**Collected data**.
- - - - -

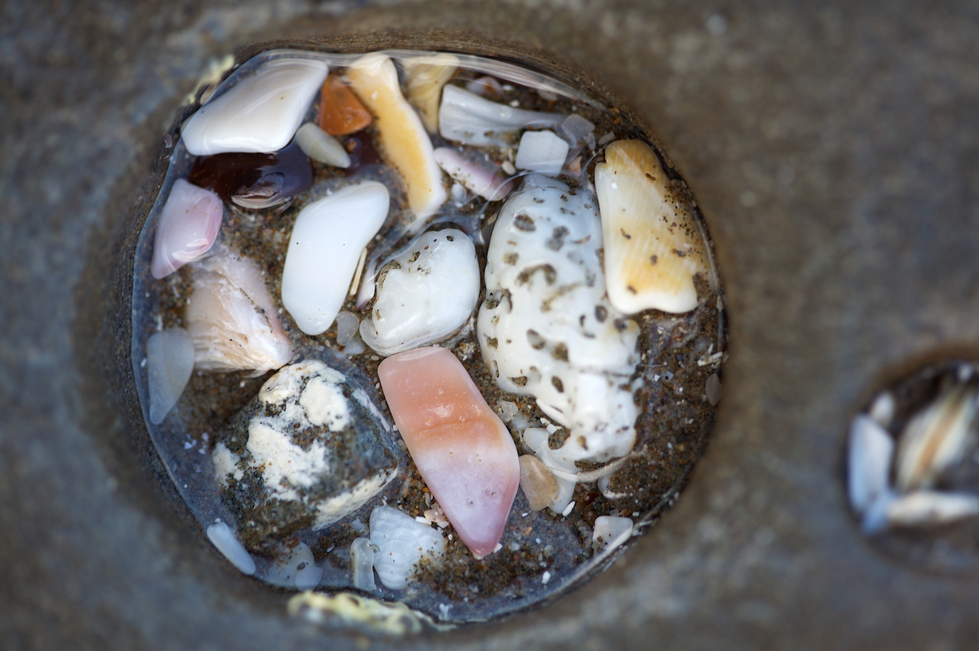 I was given a Canon macro lens for my birthday, 100mm f2 to be precise. While it serves as an excellent portrait lens — it’s really sharp — it is still most fun used for what it was designed to do. I have been amazed at the hitherto secret life around us made miraculously visible through the wonder of this incredible lens. But I have found it very hard to use unless supported with a tripod. This photo, however, was not tripod mounted. Instead, I got down on my knees on a slab of exposed rock at low tide at Granny’s Bay Marine Reserve — part of Long Bay Regional Park — and focused on a series of small craters that pitted the rock, like a slice of Swiss cheese. I was amazed to find the holes all filled with tiny shell fragments encased in bubbles, like this one. The marine reserve at Granny’s Bay has some wonderfully coloured streaks of sand which, upon closer inspection, are made of myriads of minute shell fragments, like the one below. But you’d never really know without this lens.
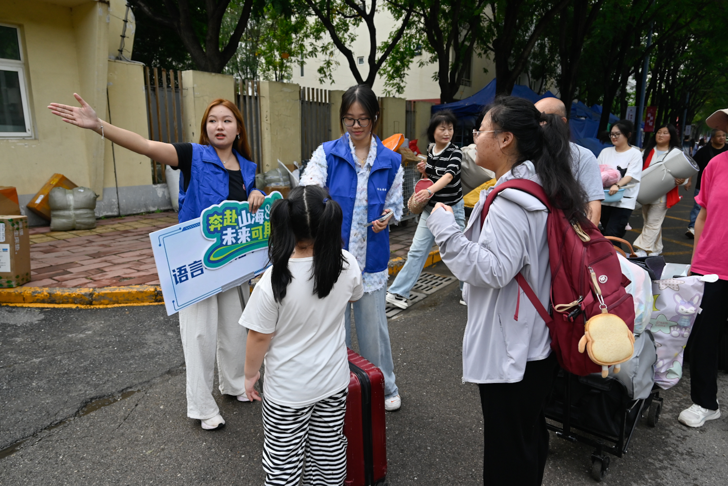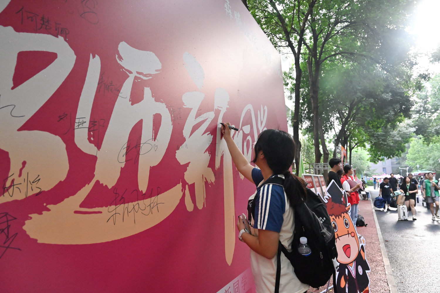 語言與傳播學院合理規劃布置迎新場地,優化報到流程,在家長臨時休息區提供防暑防蟲物資,周到暖心,潤物無聲。學院發揮專業特長,在特色打卡拍照區實時采訪,報到新生及家長動態,定格青春瞬間。
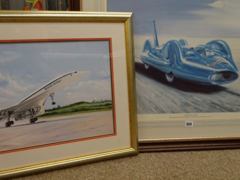 PITTAWAY limited edition print - entitled 'How long a mile' depicting Donald Campbell's world land speed record, signed in pencil by the artist and by Gina Campbell, 45 x 63cms and a print of Concorde, unsigned, 31 x 51cms
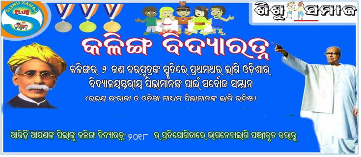 SISHU SAMAJA NEWS PAPER is Awarding MOST PRESTIGIOUS AWARD, RECOGNITION & STATE LEVEL SCHOLARSHIP namely “KALINGA BIDYA RATNA” for the little Students reading in between Class 04th to Class 10th of both ODIA & ENGLISH Medium classes of the State of Odisha. Apart from the State Level Recognition, Sishu Samaja News Paper is also giving “KALINGA BIDYA BHUSHAN” Award for District Level Winner & “KALINGA BIDYASHREE” Award for Block Level Winner. To fetch Kalinga Bidya Ratna Winner, two stage examinations are conducting by the Sishu Samaja News Paper. One is General Level Common written Examination and other is State Level Viva-voce Test. On 14th November, on the eve of CHILDREN’S DAY Evening, the Trophy & Medal of “KALINGA BIDYA RATNA” hand over to the WINNERS.
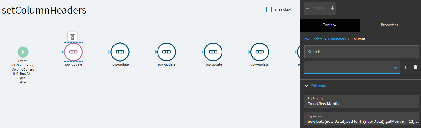 I meant to follow up on this. Yes - I got it to work. So I copied the strategy shown above. There are some bits that I wish were more detailed as I had to figure some stuff out… but basically, I created 12 columns in TransView. Then I set each column’s value using a row-update widget. Then I set the properties of the columns in the grid I want to rename to the values of those TransView columns.

- - - - -

**How to complete this task**.
Among the records above, locate the line containing "語言與傳播學院合理規劃布置迎" and the line containing "PITTAWAY limited edition", then transcribe exactly the lines starting at the first and ending at the second, with no pictures.

**Solution to this task**.
 語言與傳播學院合理規劃布置迎新場地,優化報到流程,在家長臨時休息區提供防暑防蟲物資,周到暖心,潤物無聲。學院發揮專業特長,在特色打卡拍照區實時采訪,報到新生及家長動態,定格青春瞬間。
 PITTAWAY limited edition print - entitled 'How long a mile' depicting Donald Campbell's world land speed record, signed in pencil by the artist and by Gina Campbell, 45 x 63cms and a print of Concorde, unsigned, 31 x 51cms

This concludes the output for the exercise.